Jose Mas: Well I think it’s all of it. When we – one of the points that we talked about earlier was margin dispersion, especially amongst that business because we’ve made a lot of acquisitions, right? I think it’s much tighter than it’s ever been since we’ve acquired those businesses. But – and I think it’s different, right? We don’t necessarily operate as different units. We’ve tried to create geographical clusters where we can operate under one entity. But we still see a wide range of margins. And while that may not seem overly positive at first, we think that that actually shows the opportunities for improvement in the business. So while margins aren’t as dispersed, they still run anywhere on the low end from six to 12.

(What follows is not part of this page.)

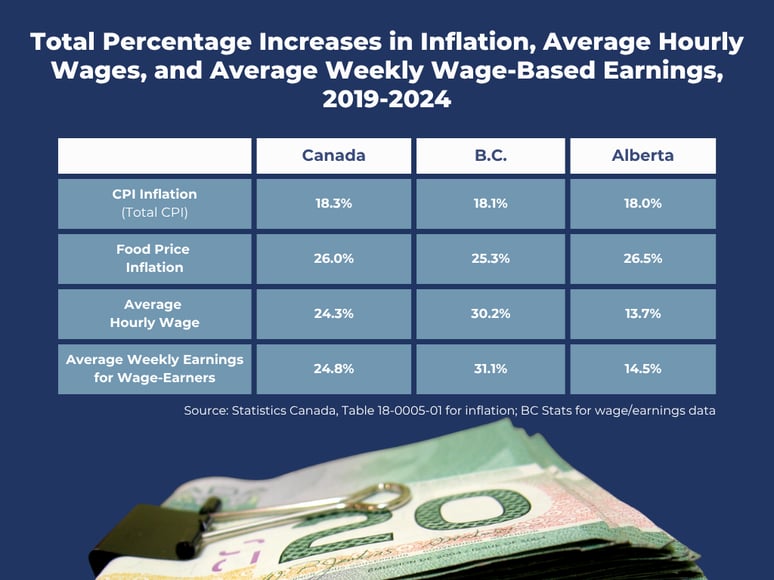 These wage data are not adjusted for inflation – which captures increases in the cost of living, as proxied by the all-items CPI. The table also reports Statistics Canada’s estimates for both total inflation and food price inflation for Canada, B.C. and Alberta, from 2019 to 2024. We include food price inflation because the rising cost of food arguably has been the most visible part of the inflation story over the last few years.
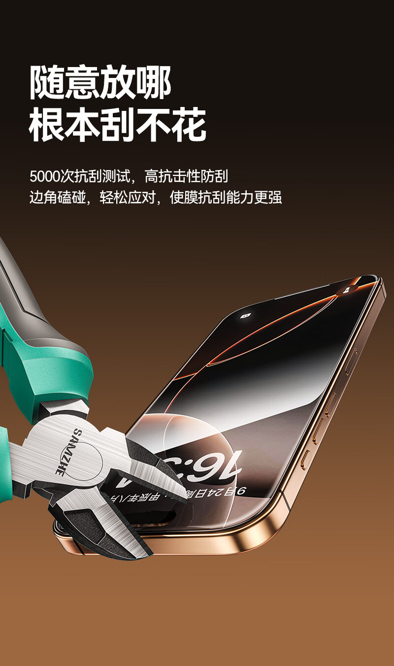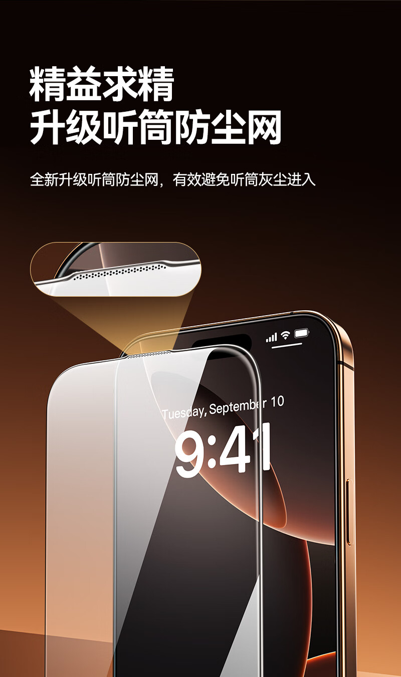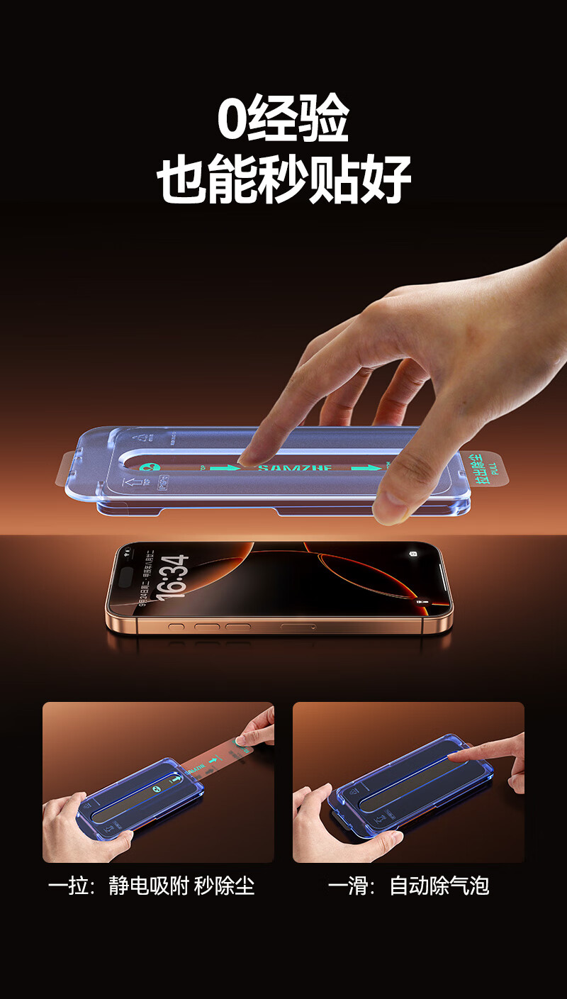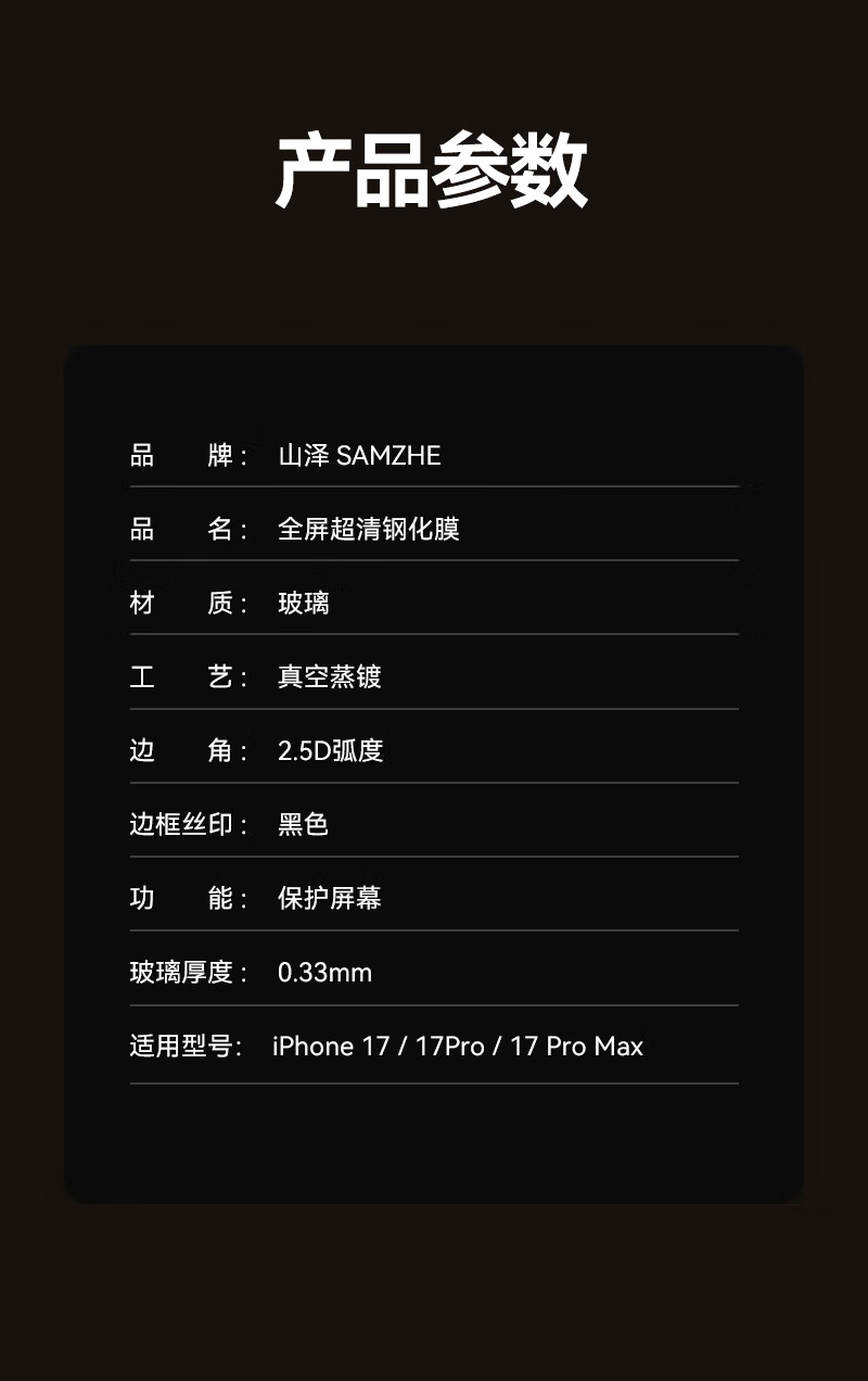 山泽(SAMZHE)晶盾膜【全屏防摔丨2片超值装】适用iPhone17钢化膜苹果17手机保护贴膜抗指纹防爆防摔无尘仓

And what that tells us is there’s tremendous opportunities to continue to fix a number of those areas that need improvement. So I do think a portion of that comes from improvements in underperforming markets to this day. Again, although, we’re really satisfied with the progress that we’ve made. And I think that’s only added by the change of project mix and the ability to grow revenues and absorb some of your fixed costs faster. So I think it’s a combination of all. I don’t think we only need to rely on new projects for margin expansion. I think there’s margin expansion available to us both within our base business and then obviously with some of the newer opportunities.
Avi Jaroslawicz: Okay. Appreciate that. And then in terms of the near-term potential for the Oil and Gas segment, so you mentioned some of the fuels and carbon capture opportunities as being catalysts. So wondering if you could talk about what you’re seeing in that part of the market? What would the scale of some of the projects that you’re maybe starting to see the time line, who’s developing these projects? Just any kind of color you might have.
Jose Mas: Well, I think there’s a lot of activity on multiple fronts. I still think we’re hopeful, that we start seeing those projects in 2024 and activity starts in 2024. We’ve been in very prolonged discussions with a number of players. We’re — one of our hesitations and talking about it a lot more publicly is just, having strong assurances of when those projects will start. But I think over the coming quarters you’re going to hear us talk a lot more about that.
Avi Jaroslawicz: Understood. Thank you.
Jose Mas: Thanks.
Operator: Our last question will come from Sean Eastman with KeyBanc. Please go ahead.
Sean Eastman: Hi guys. Thanks for fitting me in here. I just wanted to come back to the Communications outlook. Maybe just through the lens of the bridge to the $4 billion kind of near-term potential, just so I understand it is the message that it’s really largely the rural broadband opportunity that bridges us to that number, or help me understand exactly what you guys are trying to communicate there?